The Washington Post reports on the mad scramble among big companies to get a few billion dollars from the Department of Homeland Security to watch the U.S.-Mexico border and prevent illegal immigration. It seems DHS will soon decide between the players, each of which offers up its own we've-got-the-hammer-for-this-nail solution: Northrup-Grumman's got drones, Ericsson has PDAs, and Lockheed Martin's boasting (yes) blimps.
It wouldn't take a cynic to think that in 20 years this might be a cautionary example studied in intro-government classes around the country -- literally a textbook boondoggle. ("It's a little bit scary when the government throws up its hands and says, 'We have no idea how to do this. Please tell us,'" Deborah W. Meyers with the Migration Policy Institute tells the Post.)
Couldn't the federal government learn from recent lessons about better ways to spend money on hard-to-plan projects? When the X Prize made NASA look dumb by showing how prize money was worth more than government pork, NASA launched its own prize program, Centennial Challenges.

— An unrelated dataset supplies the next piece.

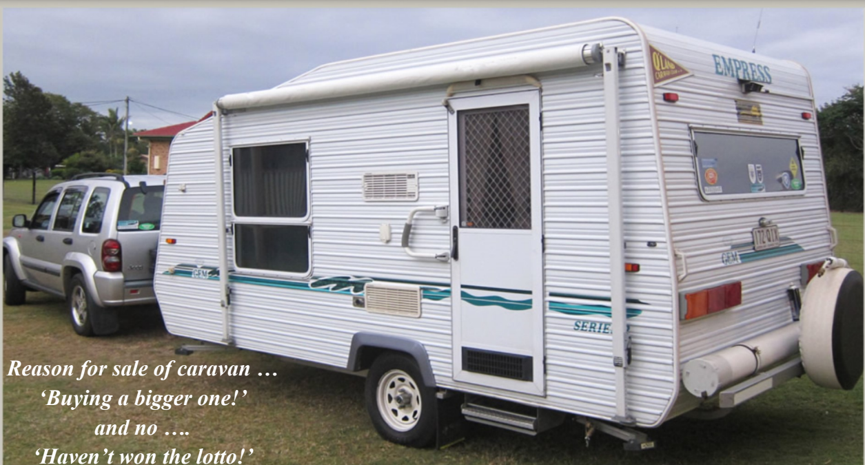
Reason for sale of caravan ... 'Buying a bigger one!' and no ... 'Haven't won the lotto!'

Texas gubernatorial candidate Kinky Friedman proposed (facetiously, I think) tasking each of five Mexican generals with a chunk of the border, setting each up with a plush retirement fund, and deducting $5,000 from a general's account for every illegal immigrant that scores within his goal.
How about combining the best parts of these two ideas: DHS could fund every solid proposal enough to cover a part of the border for the duration of a trial period. The one that does the best during the trial wins the whole dang border. Down with pork barrels, up with evidence-based funding.